In strain 406, plasmid pLM406B, harboring several genes involved in citrate metabolism (Supplementary Figure S1b), was found apart from mesentericin-related pLM406A. It is well known that citrate is a growth promoter that produces ATP for LAB strains with citrate-metabolizing ability, allowing them to grow even in environments lacking fermentable carbohydrates [42]. In this study, strain 406 grew better than strain 213M0 (Figure 1), which might be due to the pLM406B-originated metabolism of the citrate contained in MRS broth. However, the growth advantage of strain 406 did not appear to affect the difference in its bacteriocin production from strain 213M0. This can be seen from the result that there was not much difference in the production and activity of the purified mesentericin Y105 (Supplementary Table S1).

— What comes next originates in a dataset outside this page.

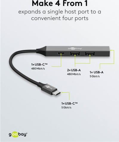 Goobay Slim 4-Port USB Hub, USB-C to USB-C/USB-A, 5 Gbit/s 74459

In conclusion, it was revealed that Leu. mesenteroides subsp. mesenteroides 406 and 213M0 both produced plasmid-encoded bacteriocins, mesentericins Y105 and B105 (including oxidized B105), and that only strain 213M0 produced a novel C-terminal tripeptide-truncated bacteriocin, named as mesentericin M, without high homology to any other known bacteriocins. The differences in the antibacterial properties between strains 406 and 213M0 should have resulted not only from the presence of mesentericin M, but also from the different amount of mesentericin B105, not mesentericin Y105. The findings in this comparative study would greatly contribute to the future use of these two strains and their bacteriocins as food biopreservatives and fermentation controllers, especially to inhibit Listeria contamination.
Supplementary Materials
The following supporting information can be downloaded at: https://www.mdpi.com/article/10.3390/microorganisms12091781/s1, Figure S1: Maps of plasmids pLM406A (a) and pLM406B (b) in Leuconostoc mesenteroides subsp. mesenteroides 406 and pLM213M0A (c), pLM213M0B (d), and pLM213M0C (e) in Leu. mesenteroides subsp. mesenteroides 213M0; Table S1: Purification status of bacteriocins produced by Leuconostoc mesenteroides subsp. mesenteroides 406 and 213M0; Figure S2: MALDI-TOF-MS spectra of purified bacteriocins produced by Leuconostoc mesenteroides subsp. mesenteroides 406 and 213M0; Figure S3: MS/MS spectra of mesentericin M; Table S2: Monoisotopic mass (m/z) of fragment a-, b-, and y-ions in MS/MS spectra of mesentericin M; Figure S4: Sequence alignment of mesentericin M and infantaricin H.
Author Contributions
Conceptualization, K.A., H.M. and T.M.; methodology, H., C.H., K.A. and S.Y.; experiments, H., C.H., K.A., S.Y. and J.Z.; data analysis, H., C.H., K.A., S.Y. and H.T.; resources, K.A. and T.M.; writing—original draft preparation, H.; writing—review and editing, K.A.; supervision, K.A.; project administration, K.A. and T.M.; funding acquisition, K.A., H.M. and T.M. All authors have read and agreed to the published version of the manuscript.
Funding
This research was funded by JSPS KAKENHI GRANT Numbers 25450408 for T.M. and 22K02091 for K.A. and by a management expense grant to the Laboratory of Animal Applied Microbiology, Faculty of Agriculture, Okayama University.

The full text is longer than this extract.